Making inferences about the nature and structure of buried rock bodies, without access to them, is called subsurface detection. Using geophysical techniques, we obtain data at the surface that characterize the feature buried below. Then we construct models of the feature, trying to invent combinations of reasonable rock bodies which are consistent with all of the observations. Finally, using intuition, logic, and guesswork, we may select one or a few of the models as representing the most likely subsurface situation.

Seismic techniques

An earthquake generates seismic waves which can travel through the entire Earth. If you stamp on the ground you make the same kinds of waves, although obviously they are much weaker and do not travel as far. We know a great deal about how these waves travel through rock. By generating waves and then carefully timing how long it takes them to travel different distances we can learn a lot about the structures of rock units at depth.

Seismic refraction

If you live in a good sized city and want to travel a few blocks, you would probably take the direct route and put up with the stoplights and traffic. If you want to go further, though, you might find it takes less time to go out of your way to use an expressway. Although you have to travel a greater distance, you save time because the expressway is so much faster.

Similarly, seismic waves may go further, but reach faster layers at depth and arrive at a sensor before those taking the direct route do. When this occurs the path of the waves bends as it crosses boundaries between layers of different velocities, a phenomenon called " refraction." This technique can be used to determine how thick the soil is above bedrock. (This might be an important consideration in siting a landfill, for example.) Solid rock has faster seismic velocities than soil. If the depths of interest are small, the source of the seismic waves does not need to be very energetic. A sledgehammer, a dropped weight, or a blasting cap might be used. A detector located near this source will pick up the waves traveling through the soil. By plotting how long it takes them to travel different distances, their velocity through the soil can be determined. As the detector is moved further from the source, however, a point will be reached where the waves traveling through the bedrock start arriving first. This is equivalent to the distance you would need to go (in the city example) before it was quicker to use the expressway. Continuing to measure travel times for more distant stations permits the seismic velocity in the bedrock to be found. Knowing the physics of refraction, the two velocities, and the location where the bedrock path became faster yields the thickness of the soil layer.

The same principles can be applied to problems where the depths of interest are much greater, but the source of the seismic waves must be more energetic. When Andrija Mohorovicic observed a similar set of two lines for the arrival times of earthquake generated seismic waves, he realized that the earth must have a layered structure.
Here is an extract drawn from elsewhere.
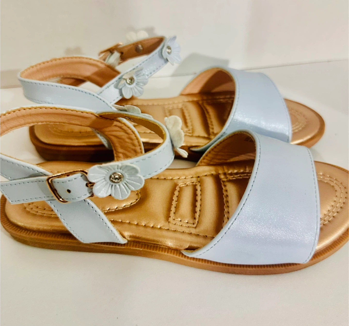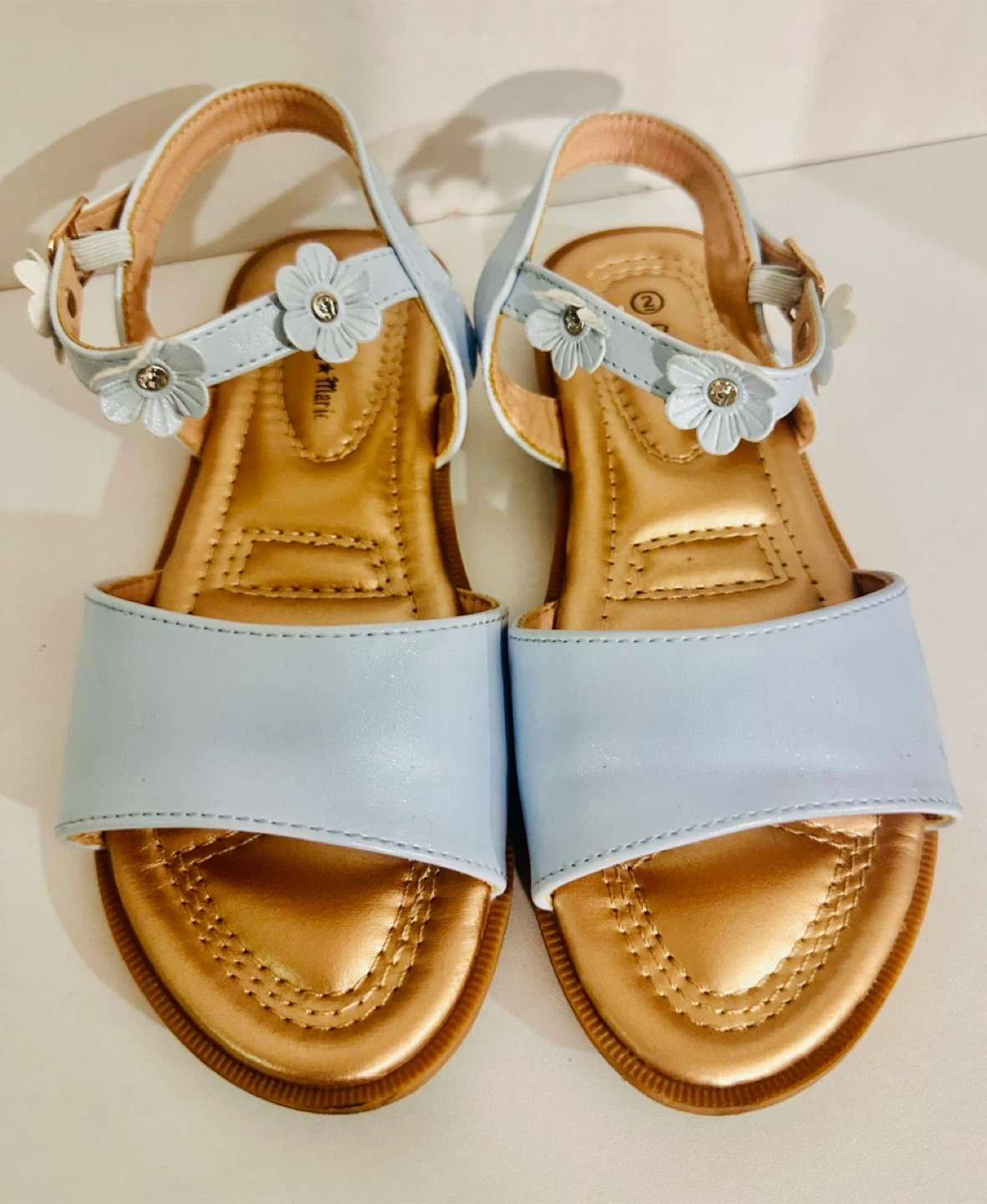 These adorable Gabby Marie sandals are perfect for your little one! They are a light blue color and feature cute flower embellishments. The size is 2.

In this case the upper layer was the crust, and it was about 18.5 mi (30 km) thick. The transition zone between the core and mantle now bears his name, the Mohorovicic discontinuity.
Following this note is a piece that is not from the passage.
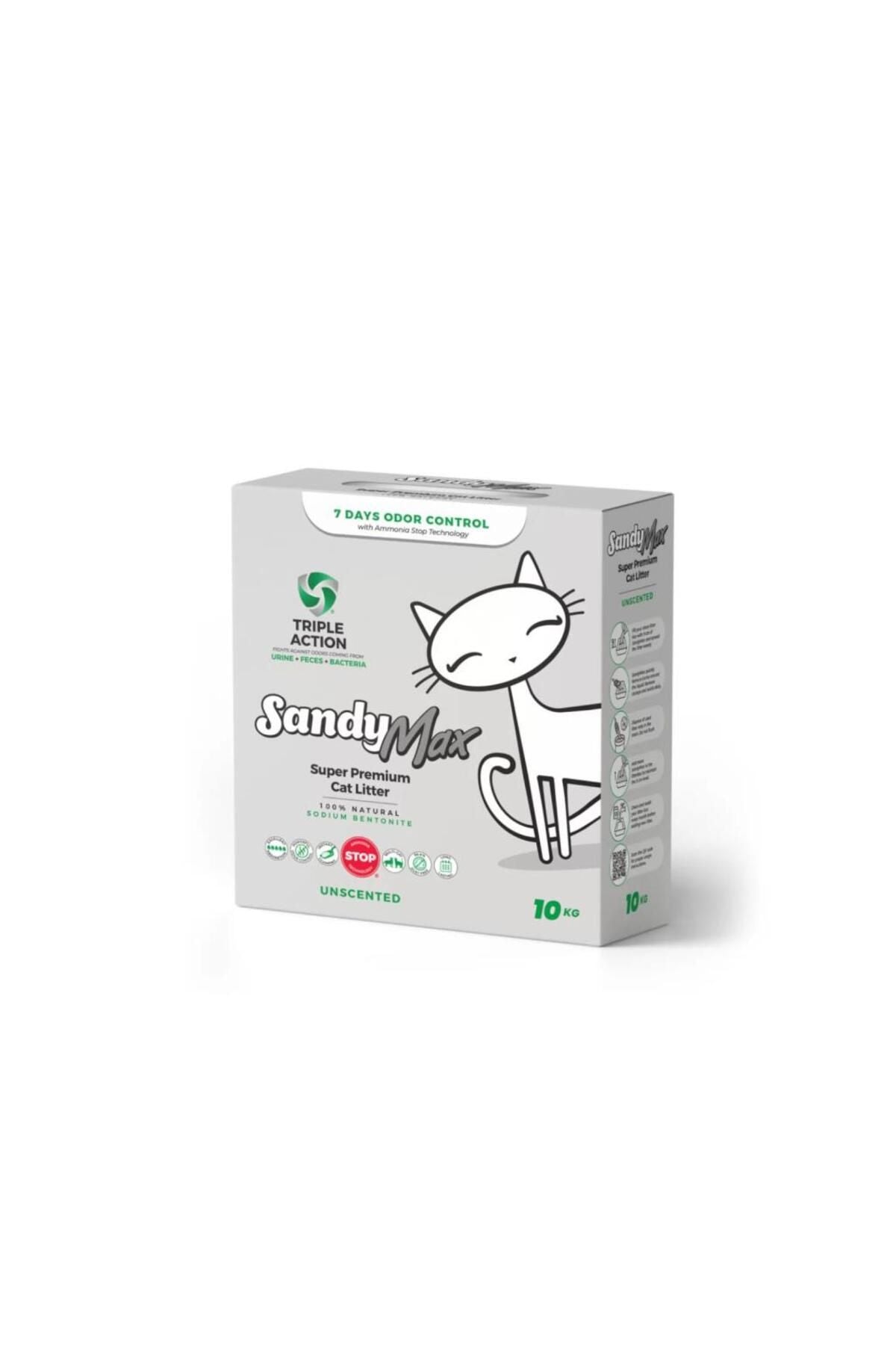 Sandy Max Triple Action Tozsuz Topaklanan Bentonit Doğal Kedi Kumu, %100 doğal sdym bentonitten üretilmiş, etkili koku kontrolü sağlayan, yüksek topaklanma gücüne sahip bir kedi kumudur. 7 gün boyunca koku kontrolü sağlama özelliği ile kedinizin tuvaletini temiz tutar. Ammonia Stop Teknolojisi, idrar, dışkı ve bakterilerin oluşturduğu kötü kokuları etkili şekilde engeller.

Some properties of a material can be sensed at a distance because they generate potential fields. Gravitational fields are produced by any object with mass, and magnetic fields can be produced or distorted by objects with appropriate magnetic properties. Techniques to measure and interpret such fields are extremely useful in subsurface detection.


Every object with mass produces a gravitational field. In theory it should be possible to detect objects which are denser than average or less dense than average lying beneath the surface. A large body of lead ore, for example, should cause the gravitational field above it to be somewhat greater than normal. A deep trough of loose sediments should result in a weaker gravitational field. The problem is that the gravitational attraction of the planet is huge, so that it is difficult to separate and measure that little modification produced by an anomalous mass.
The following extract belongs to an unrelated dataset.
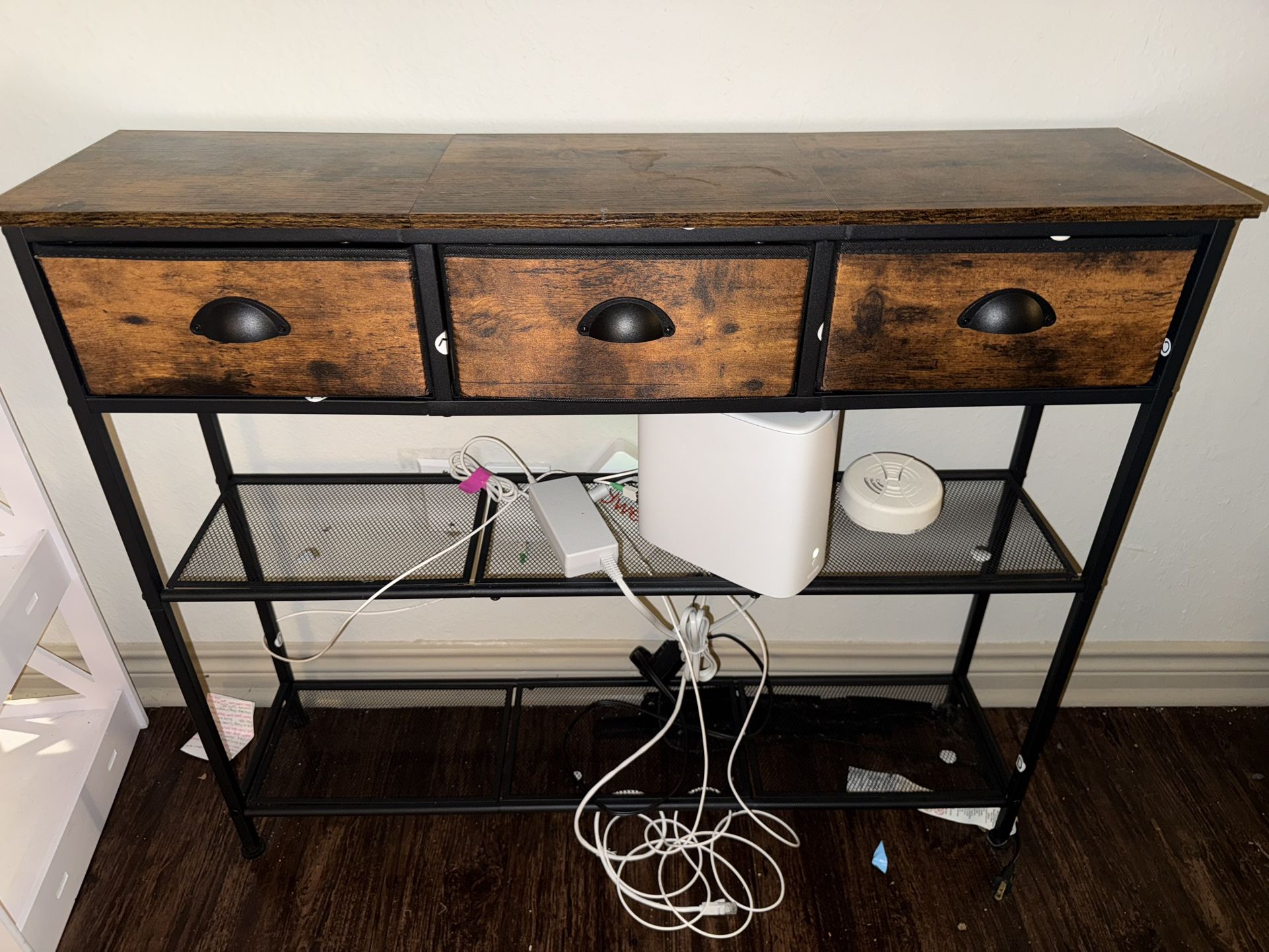Entry way table with three drawers. Gently used. Originally bought form Amazon. Used to hold WiFi router and storage. Great for small spaces

Halite is a rock made of salt, NaCl. Therefore, rock salt, which is composed of halite, is much lighter than most other rocks, and deforms very easily. Big blobs of it sometimes develop at depth and rise toward the surface in bubble-like structures called diapirs or salt domes. As they move up, they can warp the sedimentary rock units they move through, producing rich, but localized, accumulations of oil. Much of the oil found in the Gulf Coast states occurs in association with these salt domes, and so the petroleum industry had considerable incentive to develop techniques to detect them. As a result, the gravity meter, or gravimeter, was invented.

Essentially a very delicate bathroom scale, the gravimeter measures how much a spring is extended by the gravitational force acting on a mass at the end of the spring. What makes it work, and also makes it expensive, is that this extension can be measured with great precision, generally one part per million or better. That precision is equivalent to measuring a mile to within a sixteenth of an inch.

Such instruments immediately proved their worth, successfully detecting scores of salt domes beneath the nearly flat Gulf Coast states. Extending this technique to regional surveys, involving larger areas extending over greater elevation ranges, required refinements in our models for the gravitational field of the planet. This work has continued in conjunction with ever more refined gravity surveys. In the process, a major rift running down the center of North America has been discovered, subsurface continuations of rock units cropping out at the surface have been delimited, and even precursors for earthquakes have been detected.


Few phenomena seem so magical as the invisible attraction and repulsion we can feel when we play with magnets. When we stick a paper clip on one end of a magnet, it becomes a magnet, too, capable of holding up another paper clip. Some rock types exhibit their own magnetic fields, much like the magnets on a refrigerator door. Others distort Earth's magnetic field, similar to the way a paper clip temporarily becomes a magnet if it is in contact with a kitchen magnet. Sedimentary rocks rarely exhibit either magnetic behavior, and so they are effectively transparent to the magnetic signal.

Using a magnetometer we can measure the strength of the magnetic field anywhere on Earth. Often this is done with airborne surveys, which cover tremendous areas in little time. The results are mapped and the maps are used in several different ways.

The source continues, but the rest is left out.